### LISTED ENTRIES

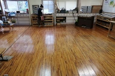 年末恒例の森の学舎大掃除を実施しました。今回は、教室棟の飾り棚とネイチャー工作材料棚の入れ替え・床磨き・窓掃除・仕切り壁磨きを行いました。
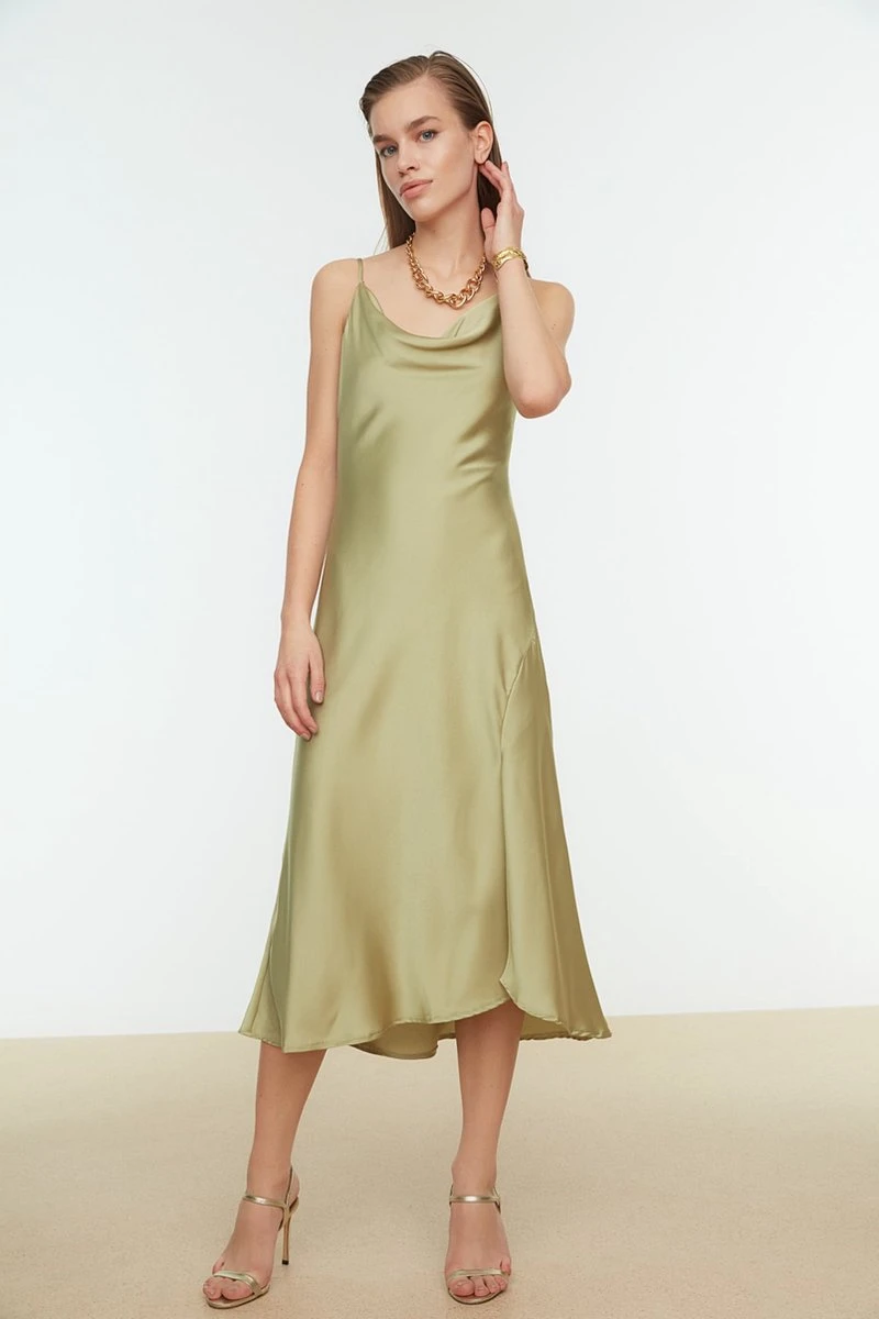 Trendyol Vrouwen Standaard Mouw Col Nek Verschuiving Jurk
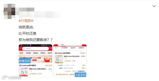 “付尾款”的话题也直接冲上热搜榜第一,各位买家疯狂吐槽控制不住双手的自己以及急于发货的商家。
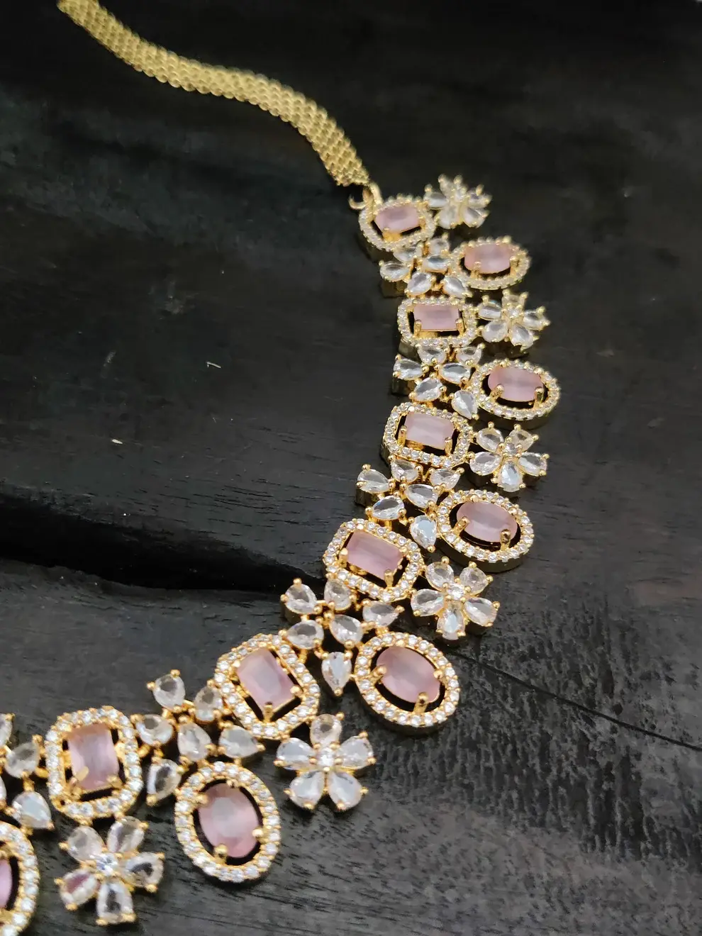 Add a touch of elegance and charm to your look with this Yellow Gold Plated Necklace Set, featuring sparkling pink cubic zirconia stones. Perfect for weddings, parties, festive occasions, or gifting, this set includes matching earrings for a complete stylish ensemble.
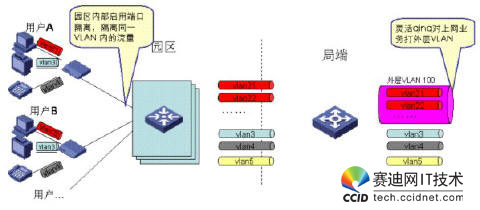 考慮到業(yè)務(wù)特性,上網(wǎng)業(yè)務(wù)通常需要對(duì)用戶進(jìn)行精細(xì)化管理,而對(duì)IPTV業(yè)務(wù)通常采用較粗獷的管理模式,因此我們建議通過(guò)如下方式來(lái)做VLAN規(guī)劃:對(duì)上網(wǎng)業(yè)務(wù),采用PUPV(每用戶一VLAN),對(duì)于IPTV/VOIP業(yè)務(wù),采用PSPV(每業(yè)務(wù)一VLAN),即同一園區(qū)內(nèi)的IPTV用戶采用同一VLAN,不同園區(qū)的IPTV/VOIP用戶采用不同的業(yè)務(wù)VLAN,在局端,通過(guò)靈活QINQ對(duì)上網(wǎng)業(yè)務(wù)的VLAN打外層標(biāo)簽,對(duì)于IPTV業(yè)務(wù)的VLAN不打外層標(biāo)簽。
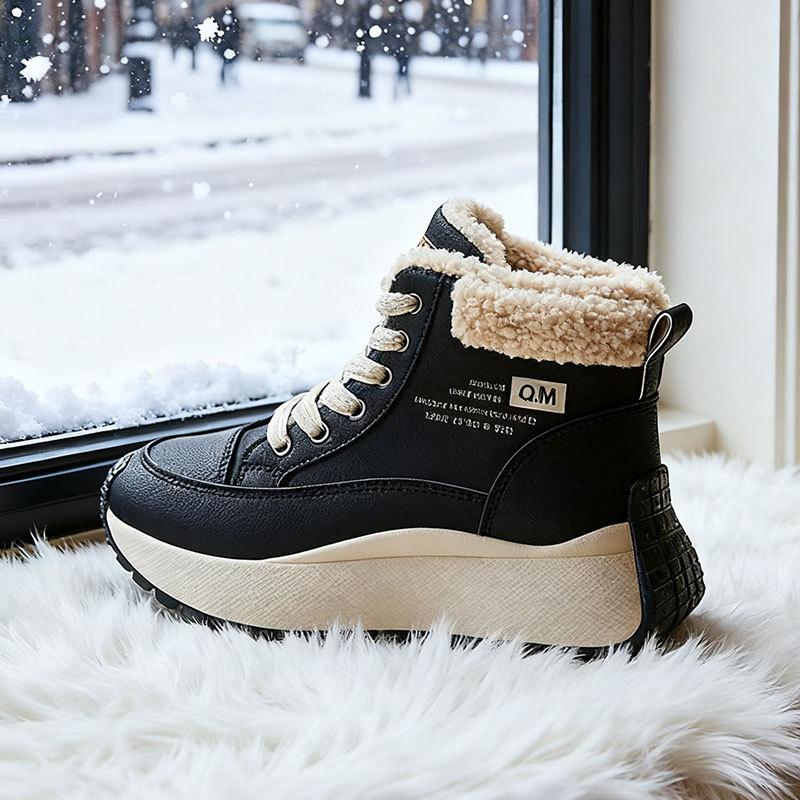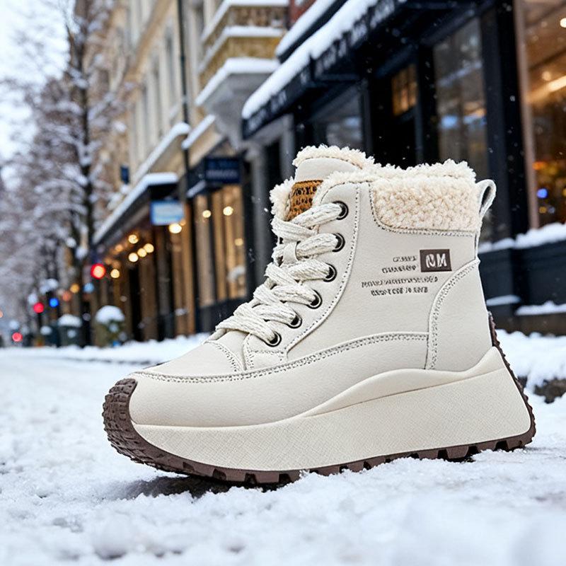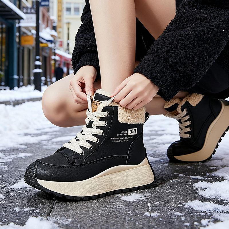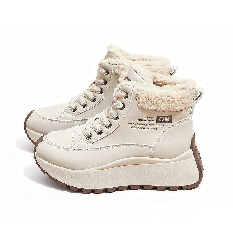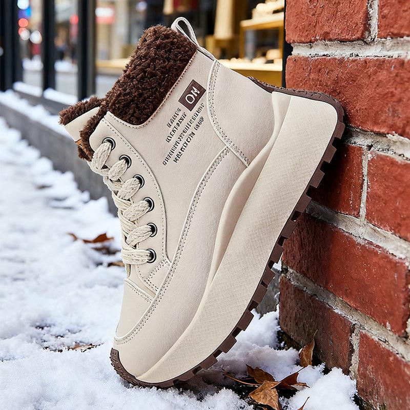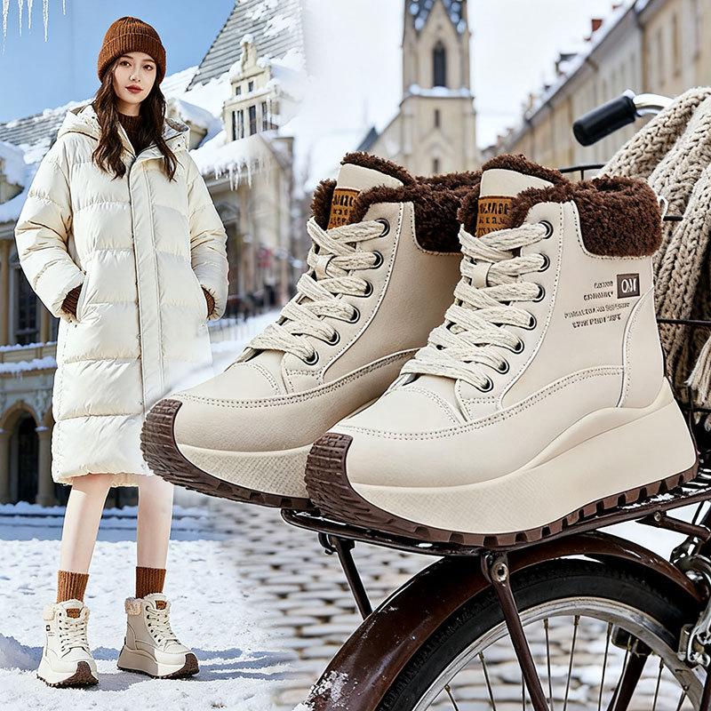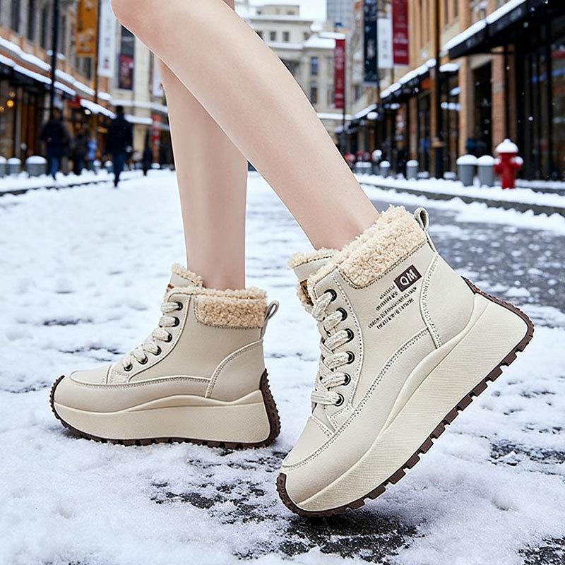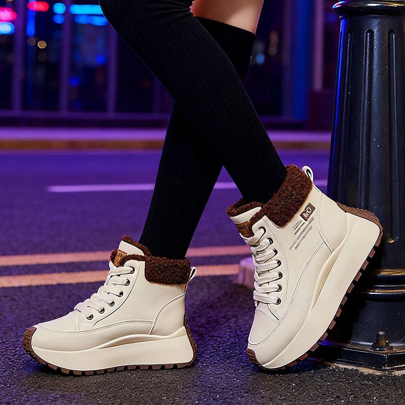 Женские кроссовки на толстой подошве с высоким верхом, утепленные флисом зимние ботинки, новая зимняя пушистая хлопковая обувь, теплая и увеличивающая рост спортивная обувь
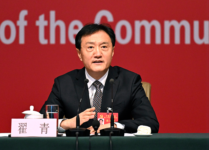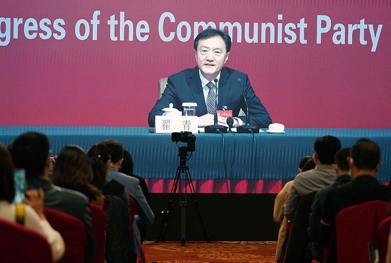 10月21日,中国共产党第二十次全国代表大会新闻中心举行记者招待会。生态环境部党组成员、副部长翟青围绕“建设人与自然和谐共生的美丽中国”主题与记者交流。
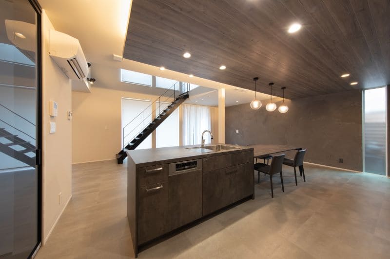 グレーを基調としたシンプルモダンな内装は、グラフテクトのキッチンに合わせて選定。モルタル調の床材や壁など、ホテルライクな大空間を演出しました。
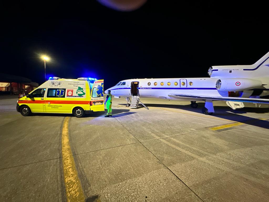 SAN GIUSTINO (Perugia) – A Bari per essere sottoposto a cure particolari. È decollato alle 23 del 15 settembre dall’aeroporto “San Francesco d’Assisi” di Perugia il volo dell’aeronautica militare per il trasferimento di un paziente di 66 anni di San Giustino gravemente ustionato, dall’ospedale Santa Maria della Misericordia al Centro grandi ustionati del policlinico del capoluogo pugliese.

### TASK TO COMPLETE
Having located the line with "考慮到業(yè)務(wù)特", copy it exactly along with every later line through the end of the listing above, but omit the pictures.

### SOLUTION TO THIS EXERCISE
 考慮到業(yè)務(wù)特性,上網(wǎng)業(yè)務(wù)通常需要對(duì)用戶進(jìn)行精細(xì)化管理,而對(duì)IPTV業(yè)務(wù)通常采用較粗獷的管理模式,因此我們建議通過(guò)如下方式來(lái)做VLAN規(guī)劃:對(duì)上網(wǎng)業(yè)務(wù),采用PUPV(每用戶一VLAN),對(duì)于IPTV/VOIP業(yè)務(wù),采用PSPV(每業(yè)務(wù)一VLAN),即同一園區(qū)內(nèi)的IPTV用戶采用同一VLAN,不同園區(qū)的IPTV/VOIP用戶采用不同的業(yè)務(wù)VLAN,在局端,通過(guò)靈活QINQ對(duì)上網(wǎng)業(yè)務(wù)的VLAN打外層標(biāo)簽,對(duì)于IPTV業(yè)務(wù)的VLAN不打外層標(biāo)簽。
 Женские кроссовки на толстой подошве с высоким верхом, утепленные флисом зимние ботинки, новая зимняя пушистая хлопковая обувь, теплая и увеличивающая рост спортивная обувь
 10月21日,中国共产党第二十次全国代表大会新闻中心举行记者招待会。生态环境部党组成员、副部长翟青围绕“建设人与自然和谐共生的美丽中国”主题与记者交流。
 グレーを基調としたシンプルモダンな内装は、グラフテクトのキッチンに合わせて選定。モルタル調の床材や壁など、ホテルライクな大空間を演出しました。
 SAN GIUSTINO (Perugia) – A Bari per essere sottoposto a cure particolari. È decollato alle 23 del 15 settembre dall’aeroporto “San Francesco d’Assisi” di Perugia il volo dell’aeronautica militare per il trasferimento di un paziente di 66 anni di San Giustino gravemente ustionato, dall’ospedale Santa Maria della Misericordia al Centro grandi ustionati del policlinico del capoluogo pugliese.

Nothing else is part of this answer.